◆ **Recorded information**
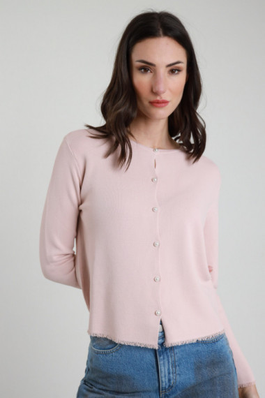 Cardigan Girocollo Con Bottoni Perline, Sfondo Sfrangiatino, Regular Fit. 75%vi 25%pa
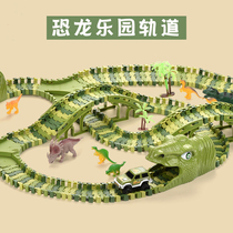 Electric car track dinosaur park diy assembly roller coaster children 6 boys toy creative free splicing
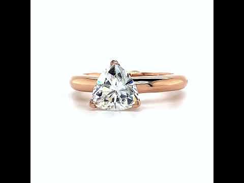 This beautiful solitaire ring features a trillion cut Moissanite center stone, an optional matching band, and is available in 14k gold, 18k gold or platinum.

◆ **Problem description**
Please return the material above unchanged, with every picture removed.

◆ **Reply to the task**
 Cardigan Girocollo Con Bottoni Perline, Sfondo Sfrangiatino, Regular Fit. 75%vi 25%pa
 Electric car track dinosaur park diy assembly roller coaster children 6 boys toy creative free splicing
 This beautiful solitaire ring features a trillion cut Moissanite center stone, an optional matching band, and is available in 14k gold, 18k gold or platinum.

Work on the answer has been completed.